3.3 Supplement to the facts I

As a result, the market in Italy was successfully developed and a customer base built up (gross profit margin CHF 500,000 p.a.). As it has become increasingly difficult to support them from Switzerland, the number of employees was increased to two and a half full-time positions in Sales & Technical Support in 2014 (new personnel costs: CHF 150,000). The customer contracts are negotiated by the employees in Italy, but signed in Switzerland. It was not necessary to expand the office infrastructure because the sales and technical staff worked mainly from home and were supported from Switzerland (costs for technical and administrative support from Switzerland CHF 190,000).

3.4 Questions

  1. Will the profit from business with Italian customers be taxable in Switzerland in 2014?
  2. Is there anything to be considered regarding the cost of offices and staff in Italy in 2011-2013?

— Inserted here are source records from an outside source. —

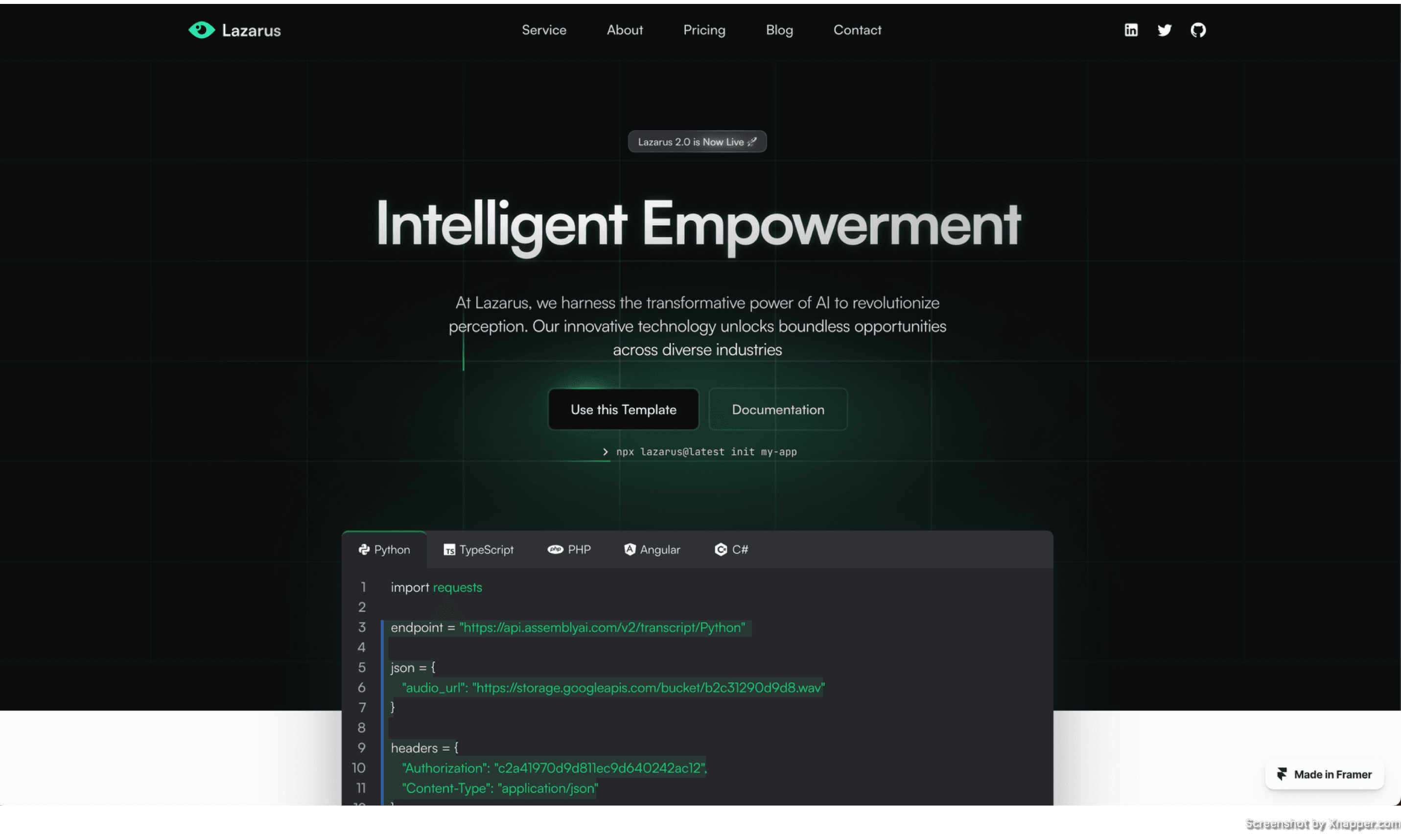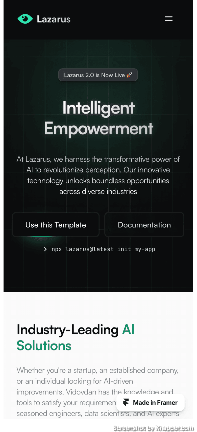 Lazarus is a premium template that's crafted with dedication and passion for startups and businesses at the forefront of AI innovation and Web Frameworks
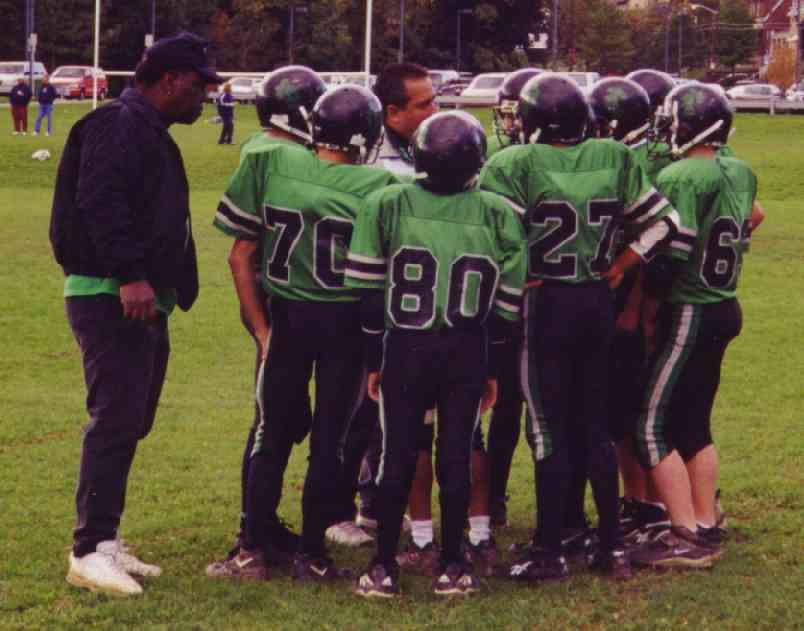 The Knights huddle up around coaches Joe Nicholas and Earl Taylor.
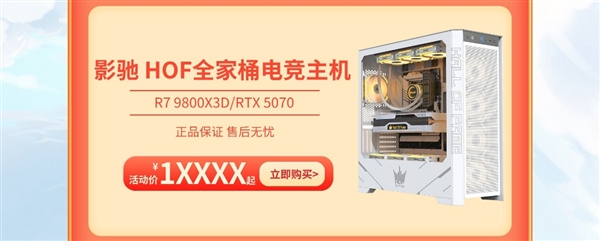 影驰 HOF全家桶电竞主机,均采用9800X3D CPU与HOF名人堂显卡搭配组合,HOF系列显卡采用专属沉金工艺PCB与日系黑金全固态电容,具有耐超频与寿命更长的特性,时刻辅助玩家畅玩2K/4K游戏,限时特价15799元起。
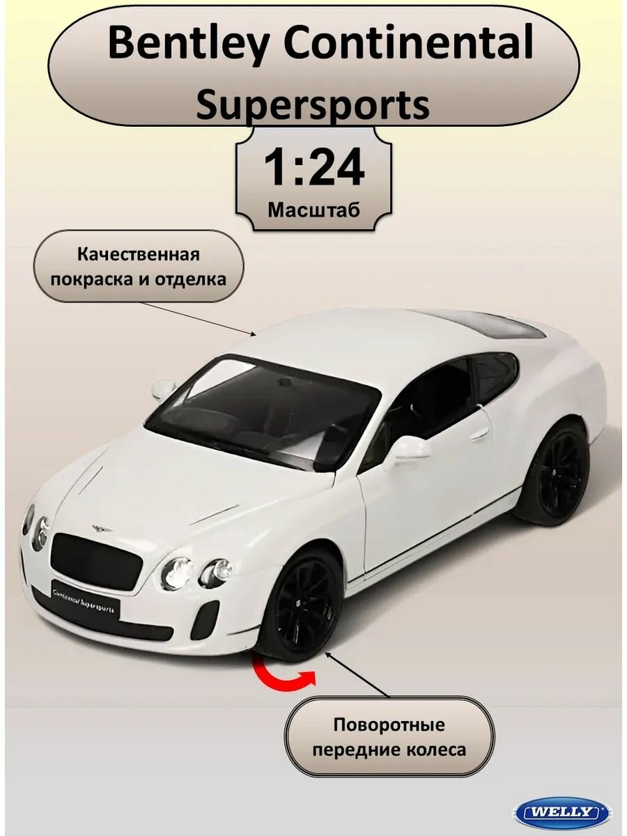 Купить WELLY машинка металлическая коллекционная масштабная модель 1:24 Bentley Continental Supersports белый
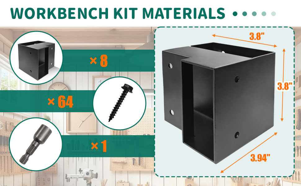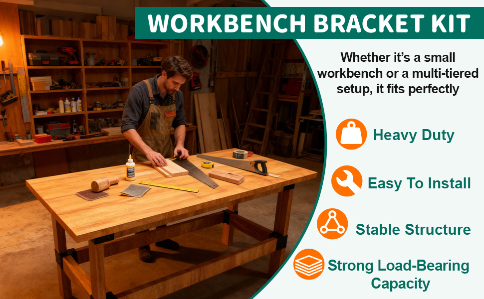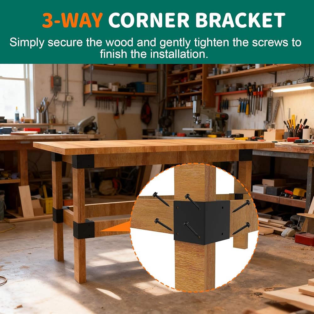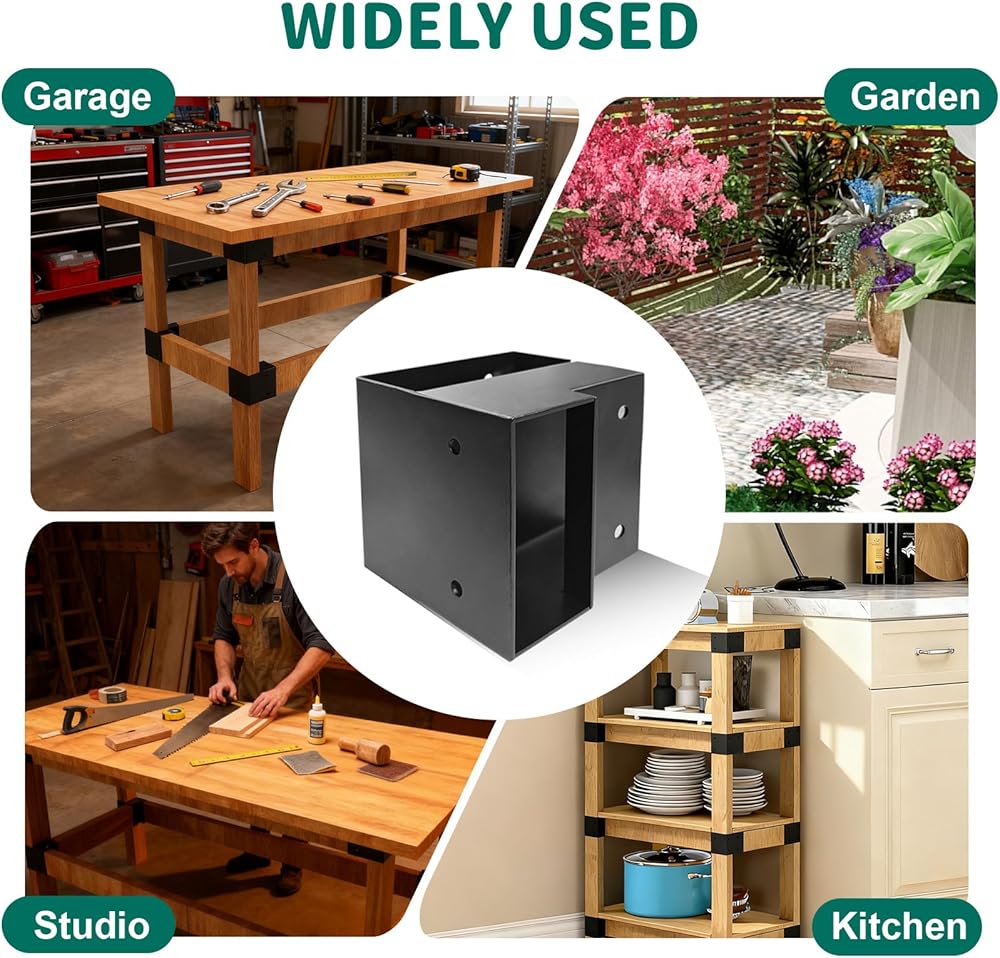 • سهلة التركيب مع الثقوب المثقوبة مسبقًا، تتيح لك المجموعة إدخال الخشب 2×4 وشد البراغي بسرعة - لا حاجة لأي أدوات معقدة. إنه يوفر الوقت والجهد لعشاق الأعمال اليدوية، مما يجعل من السهل بناء أرفف المرآب أو حوامل النباتات أو مقاعد العمل الصغيرة في المنزل.
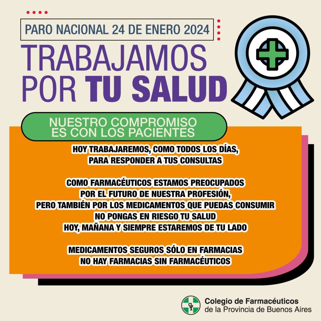 Los farmacéuticos de la provincia de Buenos Aires ratificamos nuestra voluntad y decisión de defender las leyes 10606 y 11405, que regulan la producción, distribución y dispensa de medicamentos y el servicio de farmacéuticos a millones de bonaerenses.
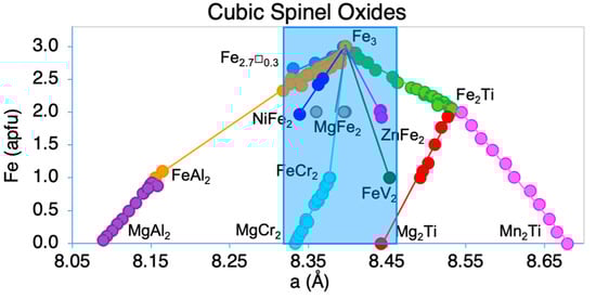 There are 30 IMA-recognized cubic spinel oxide minerals (rruff.info/ima; date accessed: 23 January 2024). Cubic spinel oxide group minerals have a general chemical formula of AB2O4 and exhibit a cubic crystal structure. The A site is generally tetrahedral and accommodates 3+ cations, with 4+ and, rarely, 5+ cations substituting in this site. The slightly larger, octahedral B site usually accommodates 2+ cations, with rare substitution of 3+ or 4+ cations and/or site vacancies (☐). The cubic spinel oxide structure is known to accommodate many transition elements (Fe2+, Fe3+, Ti4+, Cr3+, Mn2+, Mn3+, Co2+, Co3+, Cu2+, Zn2+, V2+, V3+, and Ni2+) and site vacancies as well as metals, metalloids, and non-metals (i.e., Mg2+, Ca2+, Si4+, Al3+, Ge4+, Sb5+). On Earth, spinel oxides are ubiquitous, with magnetite (Fe2+Fe3+2O4), chromite (Fe2+Cr3+2O4), and spinel (MgAl2O4) being among the most common and ringwoodite (Mg2SiO4) being an important component of Earth’s mantle. On Mars and in martian meteorites, magnetite, chromite, maghemite [(Fe3+0.67☐0.33)Fe3+2O4], and ulvöspinel (Fe2+2Ti4+O4), commonly referred to as titanomagnetite, have been frequently detected. A detailed examination of spinel oxide composition and the distribution of elements in martian meteorites can be found in the work of Morrison et al. (2018a) [8]. Spinel oxides form in a wide range of environments, from igneous and hydrothermal processes to secondary alteration and microbial mediation [54,55,89]. The composition of the spinel oxide phase provides information about which of these varied conditions were most likely to have produced the specimen in question. Therefore, it is critical that we attempt to narrow the possible spinel oxide compositions present in the Gale crater samples analyzed by CheMin. However, the cubic nature of the spinel crystal structure provides only one unit-cell parameter, the a cell edge, and therefore, we are limited to providing a list of possible chemical systems and the estimated composition should the sample be limited to that system (see Figure 8).
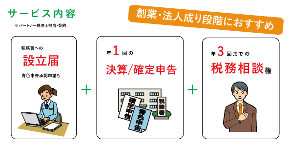 税務署、県税、市税事務所への会社・法人設立届もサービス内容に入っています
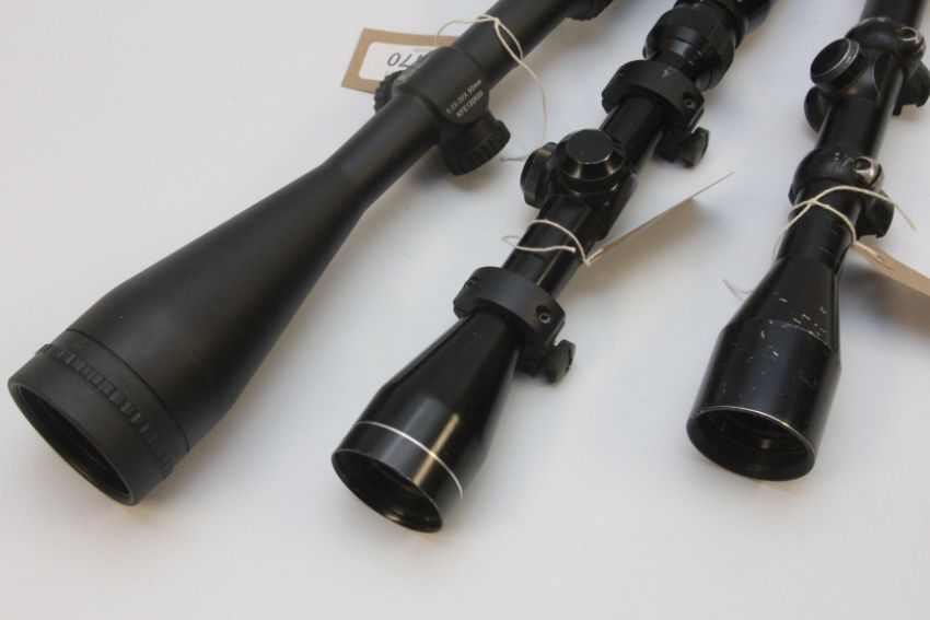 THREE RIFLE SCOPES TO INCLUDE BURRIS FULL FIELD 6.5X-20X50MM (NO MOUNTS), TASCO 3-9X40 (WITH MOUNTS) AND PANORAMA (WITH MOUNTS).

3.5 Supplement to the facts II

After a profit (before taxes) of CHF 200,000 in 2015, SynFi AG has lost an important customer due to difficult market conditions in the textile industry and has achieved a loss of CHF 100,000 each in 2016 and 2017 in the Italian business.

3.6 Question

How are the losses treated for tax purposes in Switzerland?

3.7 Supplement to the facts III

For various reasons, the SynFi group is considering the idea of cleaning up the structure. The following variants are under discussion:

  • Transfer of the substance in Italy to an Italian subsidiary of SynFi AG
  • Transfer of the substance in Italy to a foreign sister company of SynFi AG
  • Termination of activities/presence in Italy

3.8 Question

How should these variants be assessed from the point of view of Swiss taxes? What should be noted with regard to the previous year's losses from the Italian business?

4th case 4 - "rehabilitation"

4.1 Facts of the case

Marc Rohner is the sole shareholder of MaRo Immobilien AG and MaRo Produktions AG, which are held as private assets. MaRo Produktions AG operates a business that is in the process of being established and whose entrepreneurial future is uncertain.

The current situation is as follows:

Against this background, the following steps are planned:

  • To secure liquidity, MaRo Immobilien AG grants MaRo Produktions AG an interest-free and unsecured loan of CHF 500,000.
  • Marc Rohner brings MaRo Produktions AG into MaRo Immobilien AG for CHF 1.
  • MaRo Immobilien AG then derecognizes the loan receivable from MaRo Produktions AG. In MaRo Produktions AG, this results in an extraordinary profit of CHF 500,000.

4.2 Questions

  1. How is the granting of a loan by MaRo Immobilien AG to MaRo Produktions AG to be assessed from a tax perspective? What are the tax consequences?
  2. How is the subsequent definitive derecognition of the loan from MaRo Immobilien AG to MaRo Produktions AG to be assessed from a tax perspective?